*Work instruction:*
Retype the lines from the first one in the records down to the line containing "5年生は家庭科で、ナップザッ", counting both, and leave out any pictures.

*Data:*
========

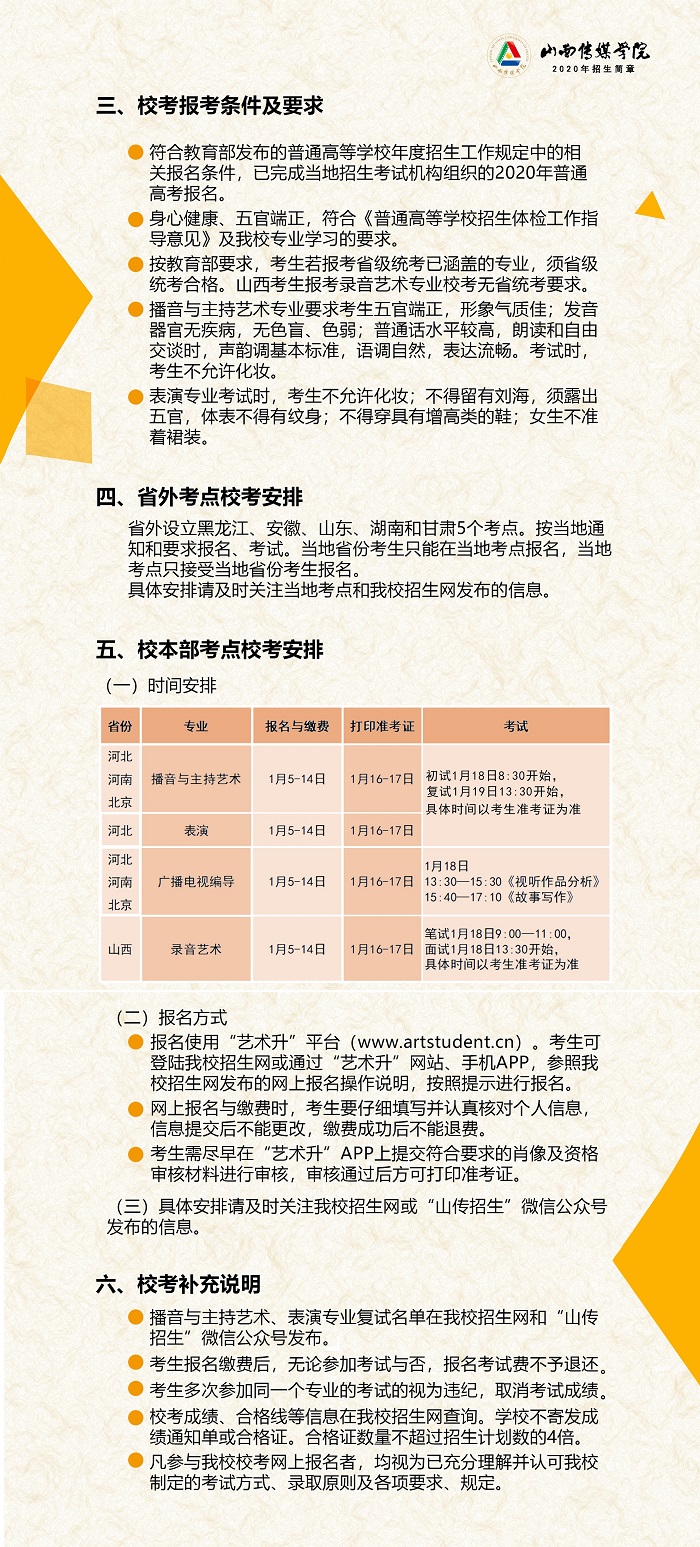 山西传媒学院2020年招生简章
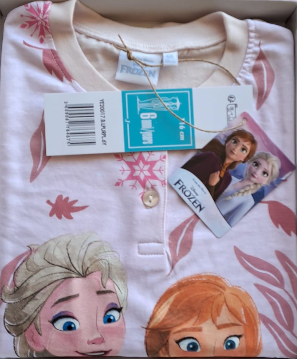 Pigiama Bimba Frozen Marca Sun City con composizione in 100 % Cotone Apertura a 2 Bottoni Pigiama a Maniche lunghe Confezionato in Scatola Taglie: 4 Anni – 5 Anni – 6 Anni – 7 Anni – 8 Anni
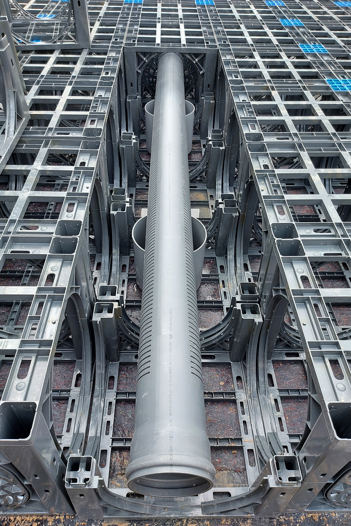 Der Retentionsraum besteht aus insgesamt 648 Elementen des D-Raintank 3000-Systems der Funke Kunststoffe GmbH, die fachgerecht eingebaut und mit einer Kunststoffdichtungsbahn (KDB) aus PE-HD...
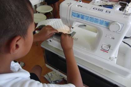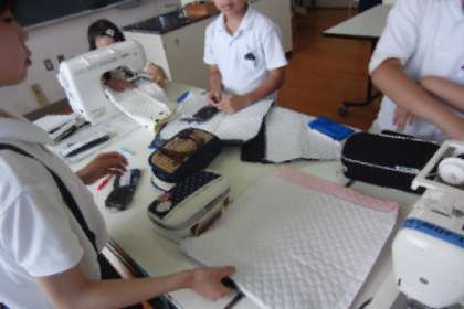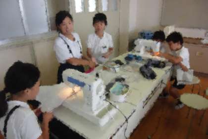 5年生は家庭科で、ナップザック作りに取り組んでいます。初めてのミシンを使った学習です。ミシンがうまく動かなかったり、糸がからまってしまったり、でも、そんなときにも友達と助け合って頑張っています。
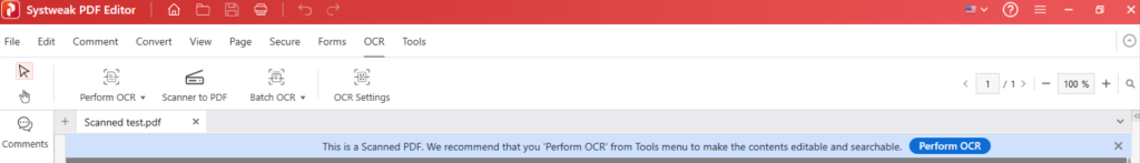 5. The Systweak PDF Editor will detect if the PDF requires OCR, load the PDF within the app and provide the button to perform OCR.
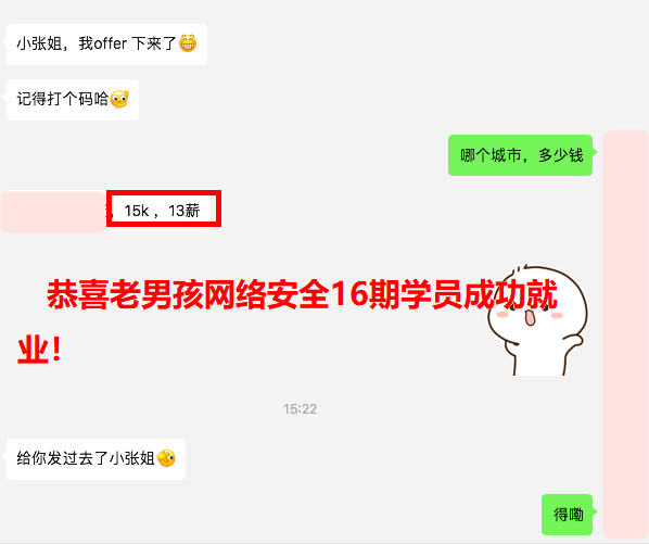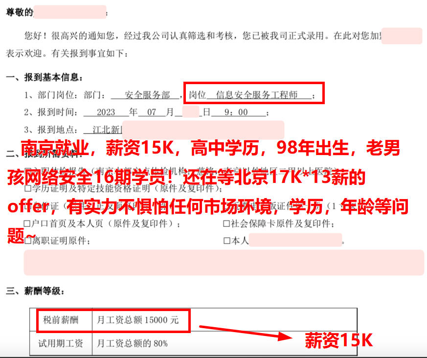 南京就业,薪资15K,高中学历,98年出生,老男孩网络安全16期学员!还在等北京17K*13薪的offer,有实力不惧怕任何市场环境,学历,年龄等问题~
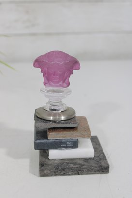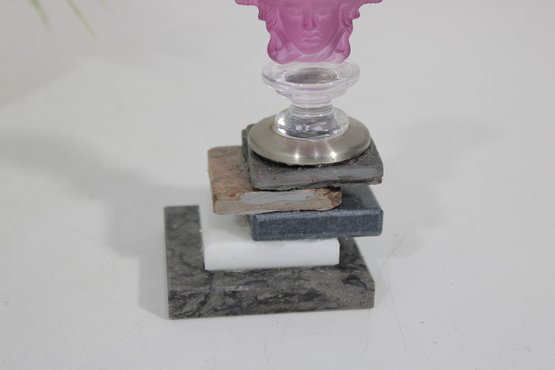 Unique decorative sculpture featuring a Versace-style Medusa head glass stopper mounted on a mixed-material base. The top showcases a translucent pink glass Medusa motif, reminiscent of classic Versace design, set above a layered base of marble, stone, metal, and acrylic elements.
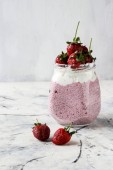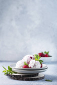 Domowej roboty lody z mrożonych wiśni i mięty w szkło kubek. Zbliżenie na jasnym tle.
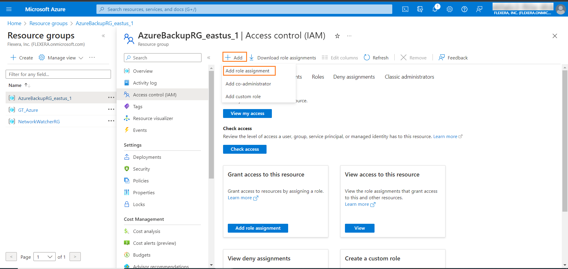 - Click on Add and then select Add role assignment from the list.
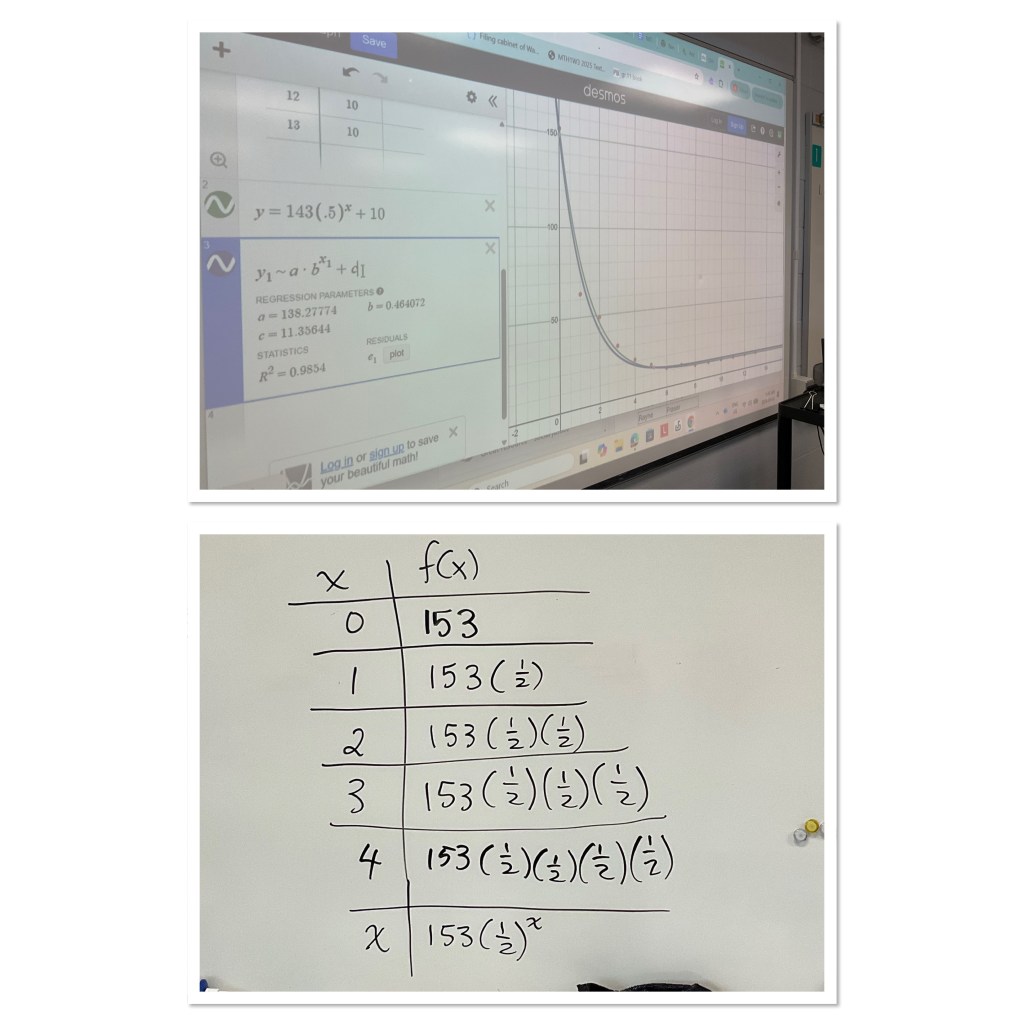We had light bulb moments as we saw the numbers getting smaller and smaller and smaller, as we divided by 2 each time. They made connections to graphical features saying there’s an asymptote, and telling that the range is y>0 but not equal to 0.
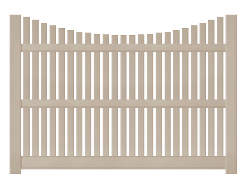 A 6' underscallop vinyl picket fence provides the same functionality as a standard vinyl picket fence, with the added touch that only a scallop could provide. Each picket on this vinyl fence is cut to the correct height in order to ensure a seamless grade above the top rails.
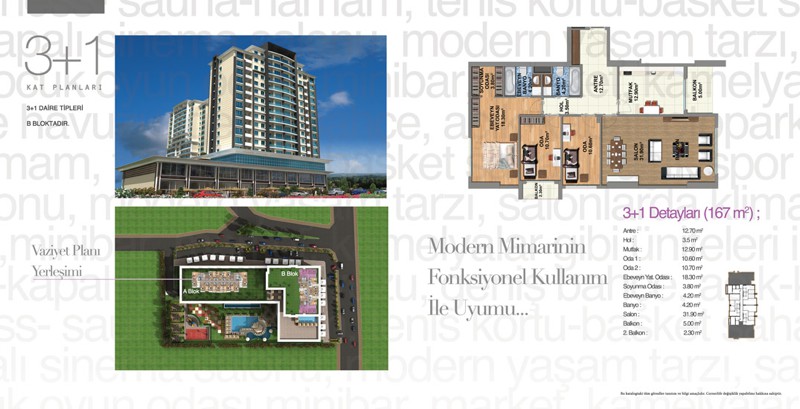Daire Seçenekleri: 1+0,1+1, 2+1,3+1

========

*Result of the task:*
 山西传媒学院2020年招生简章
 Pigiama Bimba Frozen Marca Sun City con composizione in 100 % Cotone Apertura a 2 Bottoni Pigiama a Maniche lunghe Confezionato in Scatola Taglie: 4 Anni – 5 Anni – 6 Anni – 7 Anni – 8 Anni
 Der Retentionsraum besteht aus insgesamt 648 Elementen des D-Raintank 3000-Systems der Funke Kunststoffe GmbH, die fachgerecht eingebaut und mit einer Kunststoffdichtungsbahn (KDB) aus PE-HD...
 5年生は家庭科で、ナップザック作りに取り組んでいます。初めてのミシンを使った学習です。ミシンがうまく動かなかったり、糸がからまってしまったり、でも、そんなときにも友達と助け合って頑張っています。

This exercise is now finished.